“DNA polymerase synthesizes the DNA while RNA polymerase synthesizes the RNA.”
Enzymes are the class of proteins that helps in catalyzing different biological reactions. A polymerase is one of the enzymes that synthesize nucleic acids.
The nucleic acid is present in the nucleus of a cell either DNA or RNA (RNA in case of the only retrovirus) which is our genetic material. The DNA has all the information of an organism which it transfers from one generation to another.
For that by following the central dogma process- a collective process of replication, transcription and translation, DNA forms different proteins.
Through the replication, the DNA becomes doubled, which is transcribed into functional mRNA. The mRNA has all the information to form a specific protein. The mRNA translated into a long chain of amino acids which ultimately form a specific protein.
The polymerases are the hero of the entire central dogma process. Thus we are discussing all this.
Read more on DNA replication: General process of DNA replication.
Either DNA polymerase or RNA polymerase is involved in this, however, both are different and perform a different function.
In the present article, we will discuss some of the important differences between both of our heroes which you will never get on the internet.

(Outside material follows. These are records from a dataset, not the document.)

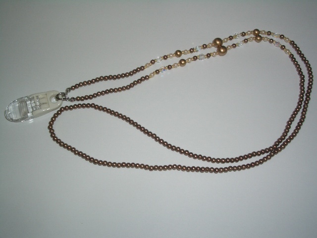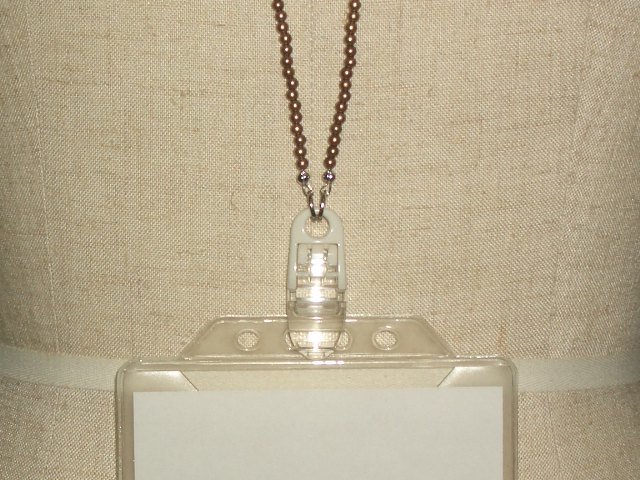ネームカード用のネックストラップと言えば細い布やヒモなどで出来たものが多いですが、このネックストラップはパール(イミテーション)やビーズ等で仕上げてりとても綺麗です。
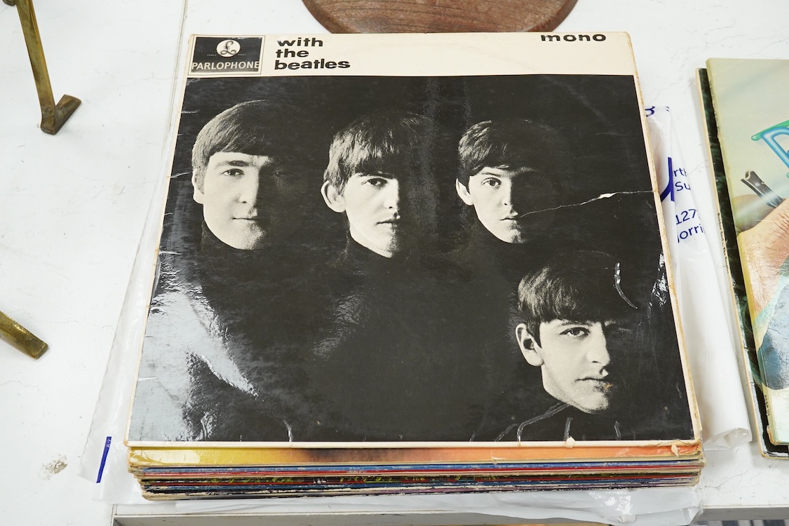 Fourteen The Beatles related LP record albums, including; Rubber Soul, The Beatles at the Hollywood Bowl, With The Beatles, Beatles For Sale, Sgt. Pepper, Revolver, McCartney II, Wings Over America, the Concert for Bangladesh box set, etc.
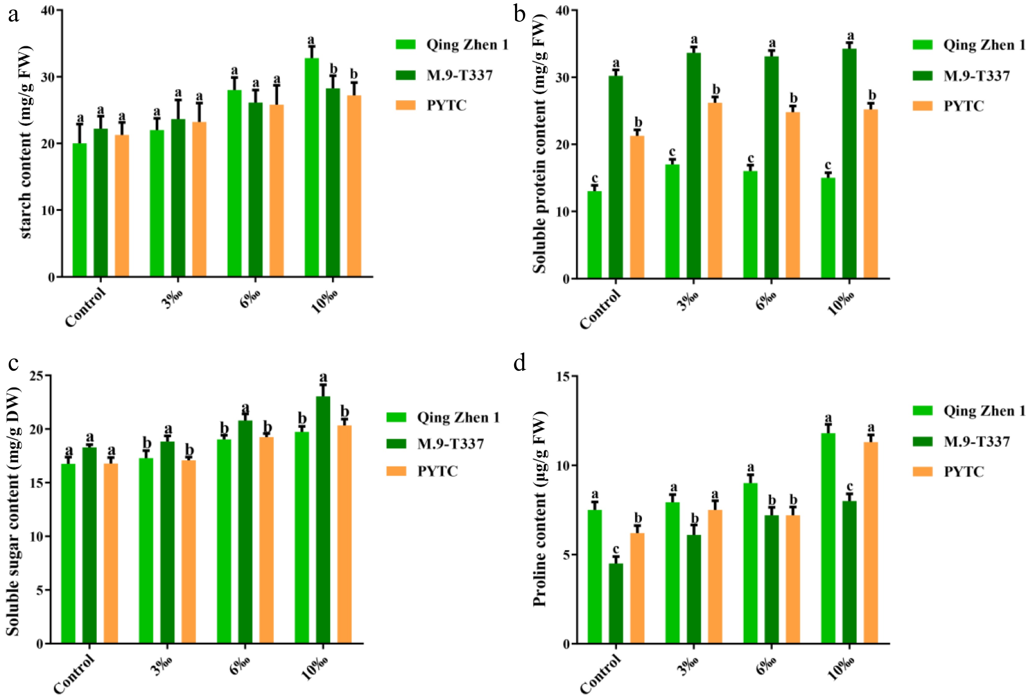 Contents of osmoregulatory substances in plants under salt stress (2 months after transplanting into saline-alkali soil). (a) Starch content, (b) soluble protein content, (c) soluble sugar content, (d) proline content, the value is the average ± standard error (n ≥ 3), the letter indicates that there is a significant difference in the p < 0.05 level under each concentration treatment.
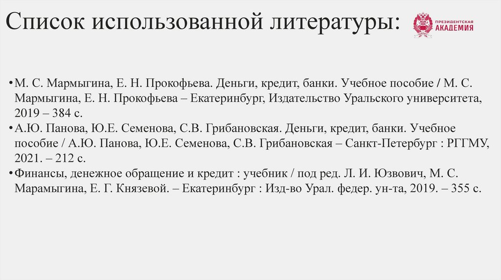 Список использованной литературы:• М. С. Мармыгина, Е. Н. Прокофьева. Деньги, кредит, банки. Учебное пособие / М. С.
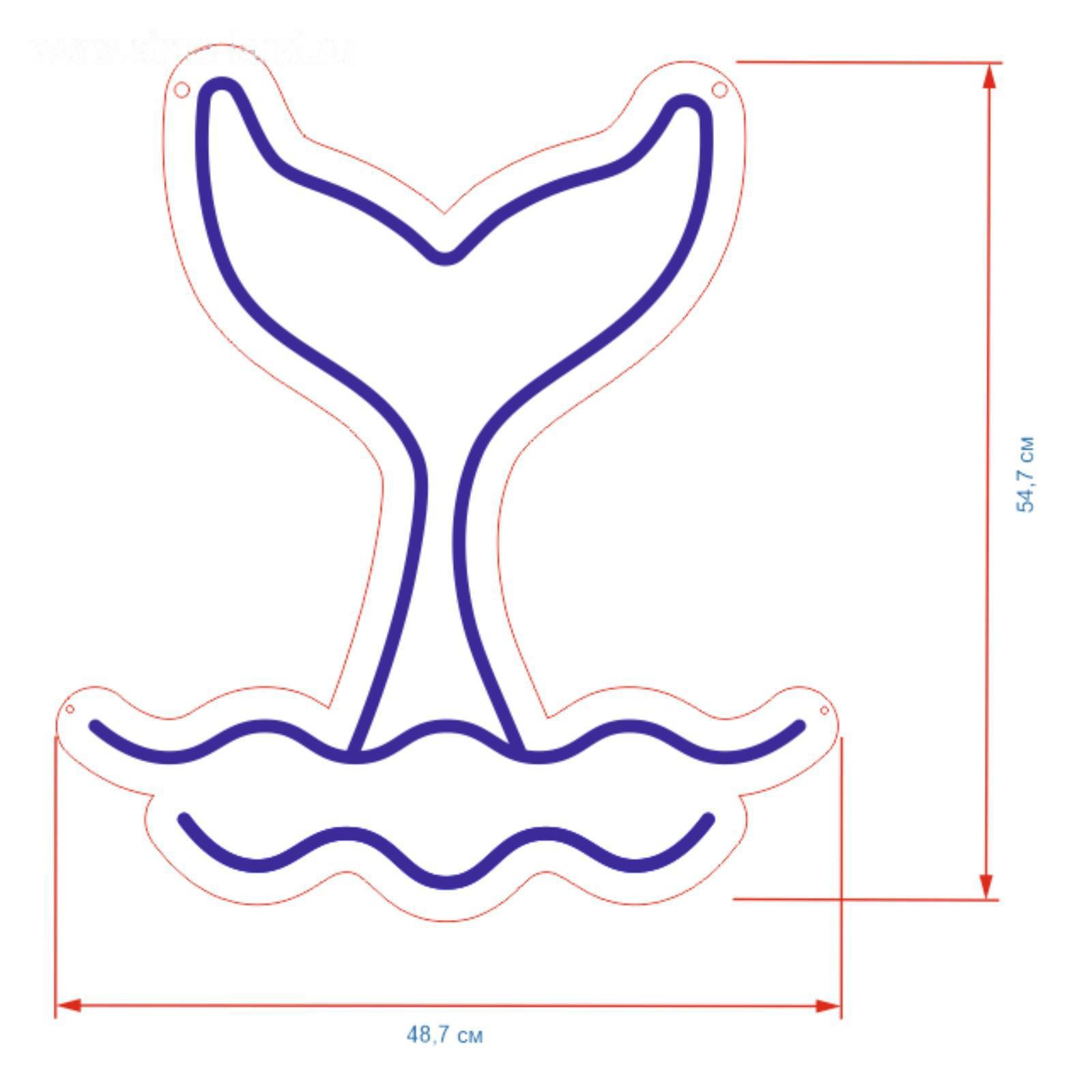 Неоновая вывеска «Хвост кита» 48.7 × 54.7 см, 12 В
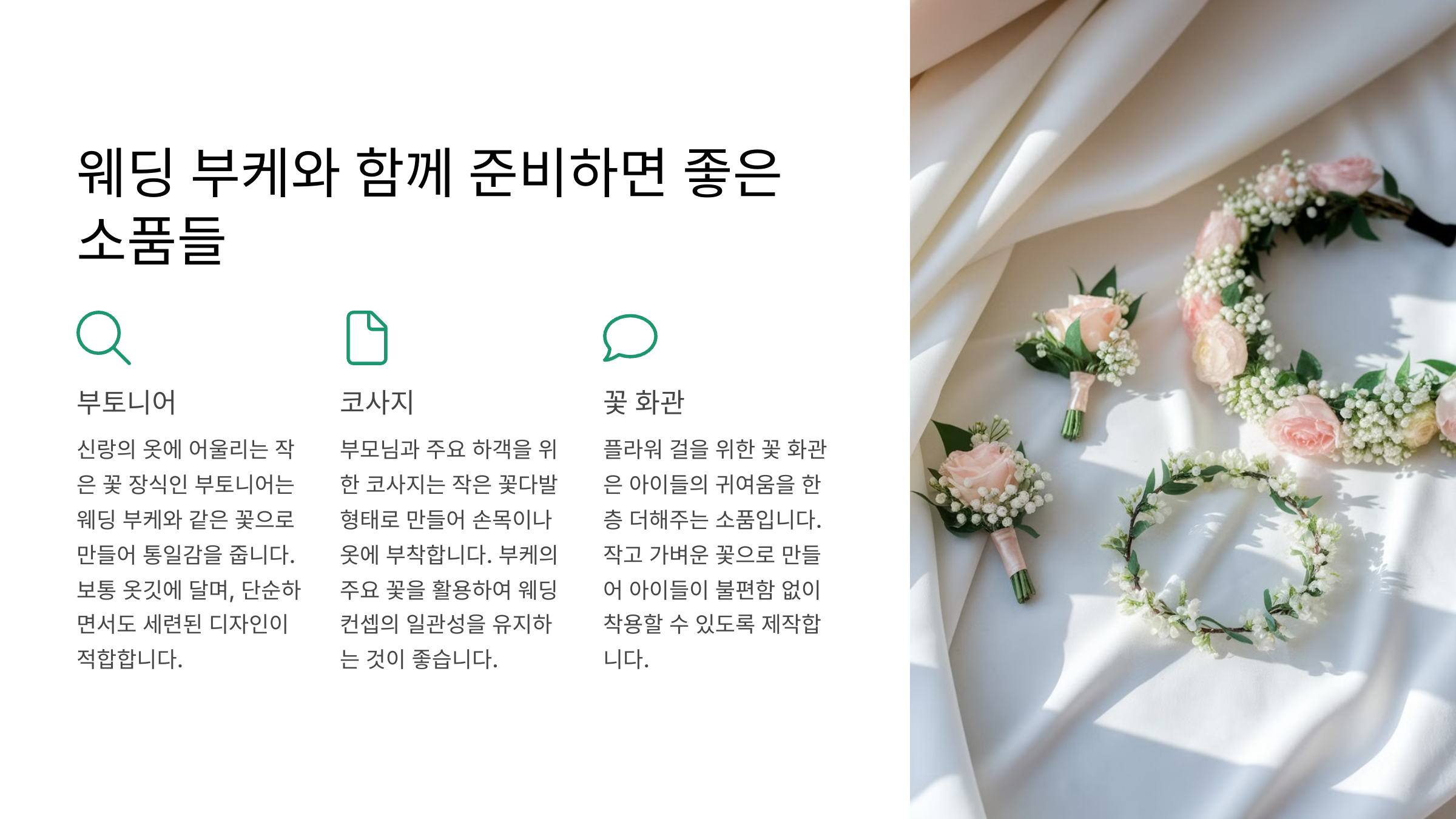 | 생화 또는 조화 | 원하는 스타일에 맞게 선택 |
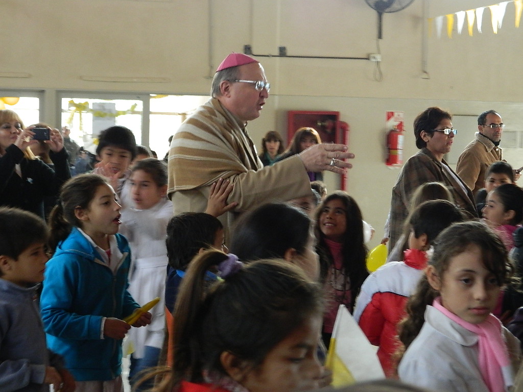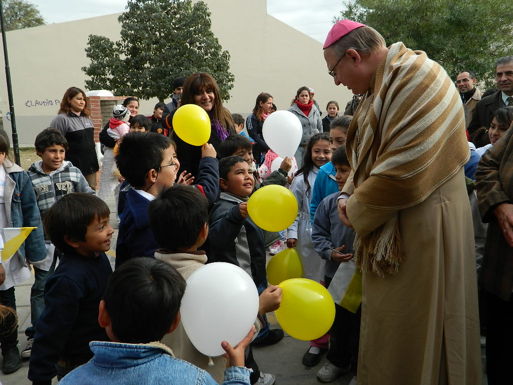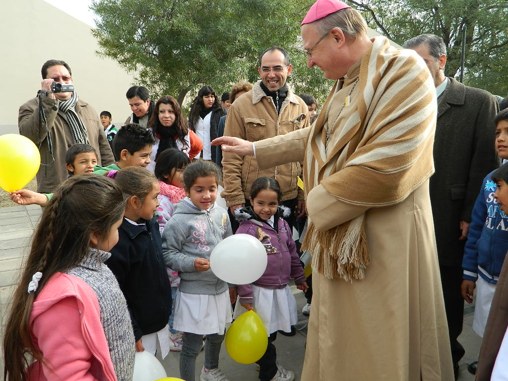 Pasadas las 10.30, Mons. Urbanc se trasladó hasta la escuela N° 428 Dr. Enrique Ocampo, ubicada camino a El Jumeal, que se vistió de fiesta para darle la bienvenida al Pastor Diocesano. Ubicados en el ingreso del establecimiento educativo, con mucho entusiasmo, los pequeños del Nivel Primario, junto a los directivos y docentes le brindaron un alegre recibimiento en la fría mañana.
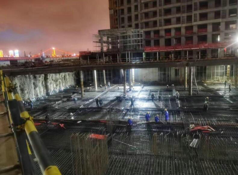 中鐵十八局集團(tuán)北京工程有限公司承建的“國(guó)鐵·印江瀾”項(xiàng)目地下室夜間施工現(xiàn)場(chǎng)(李金龍攝)
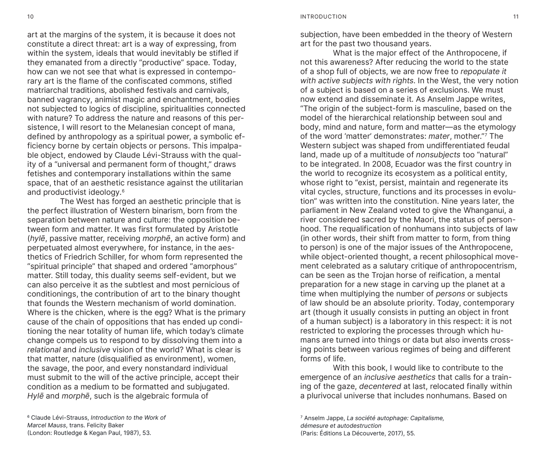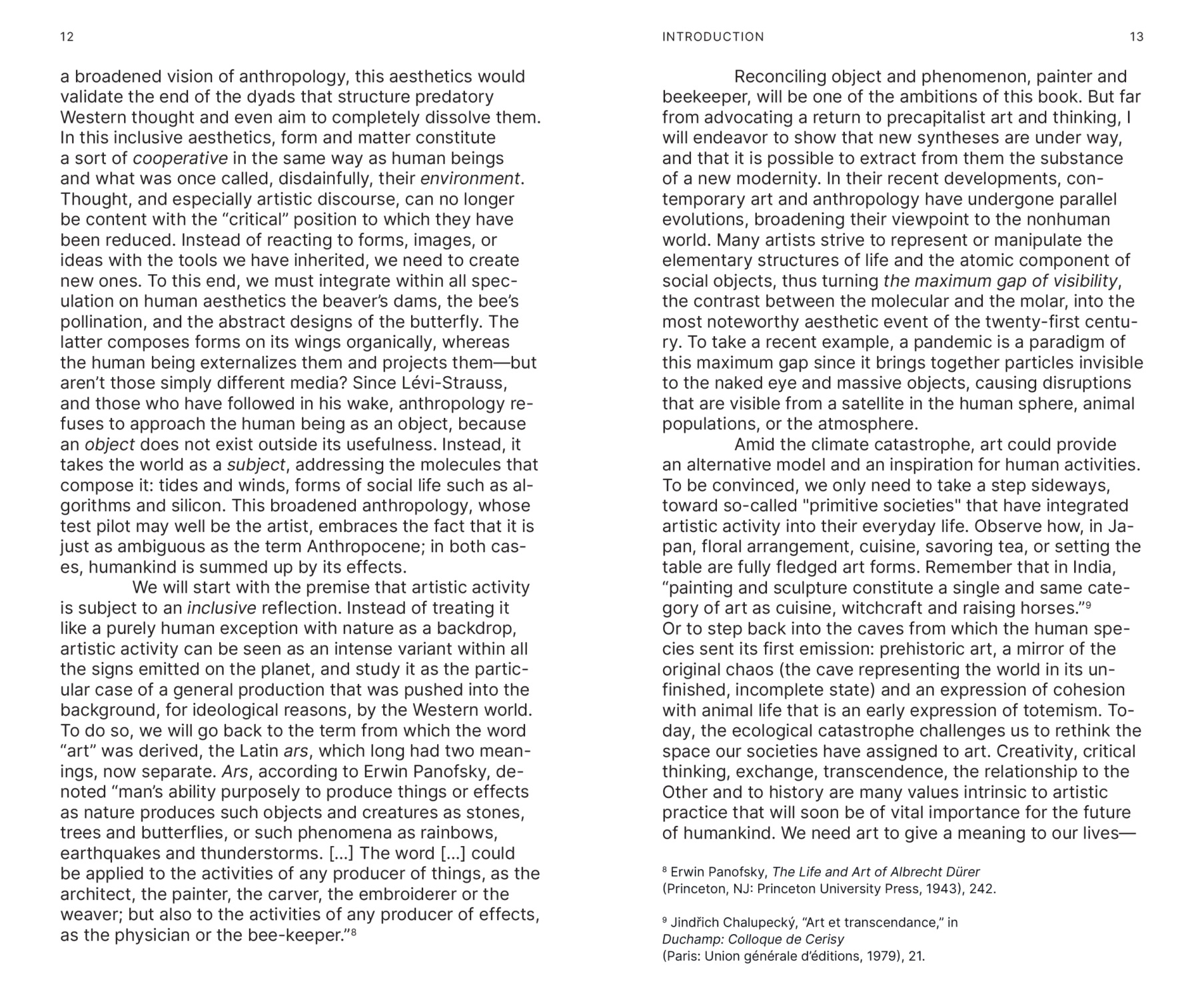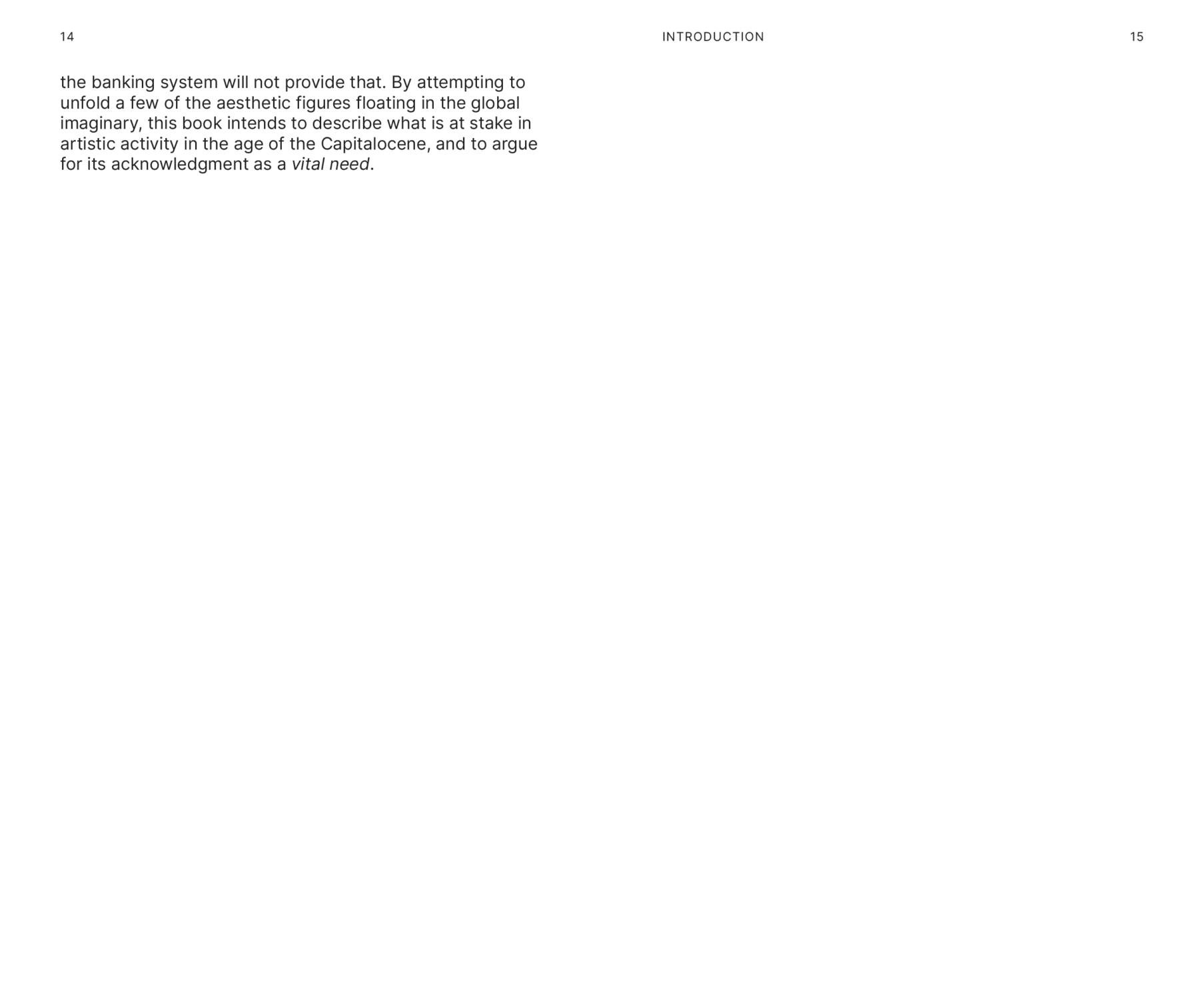 “Today, the ecological catastrophe challenges us to rethink the space our societies have assigned to art. Creativity, critical thinking, exchange, transcendence, the relationship to the Other and to History are values intrinsic to artistic practice that will soon be of vital importance for the future of mankind. We need art to give a meaning to our lives, and the banks will not supply that. By attempting to unfold a few of the aesthetic figures floating in the global imaginary, this book intends to describe what is at stake in artistic activity in the age of the Capitalocene and to argue for it as a vital need.”

So let’s starts the article,
DNA polymerase Vs RNA polymerase:
Obviously, the first difference is the molecules they synthesize.
“The DNA polymerase synthesizes DNA strand while the RNA polymerase synthesizes the RNA strand”
DNA synthesis occurs during replication, thus the DNA polymerase functions during the replication, always.
While the RNA polymerase functions during the process of transcription (RNA synthesis only occurs during transcription).
The DNA is a double-stranded molecule, while the RNA is single-stranded- formed from the DNA during transcription.
Based on that, another difference between both is that the DNA polymerase manufacture double-stranded DNA while the RNA polymerase manufacture a single-stranded RNA.
Because of that, the DNA polymerase always required a short-single-stranded DNA/RNA molecule- called primer for starting the synthesis, which is not required for RNA polymerase.
The DNA polymerase only inserted nucleotides once it finds the free 3’ OH end facilitated by the primer-synthesize by the primase enzyme.
But that is not the case with RNA polymerase, RNA polymerase adds nucleotides directly.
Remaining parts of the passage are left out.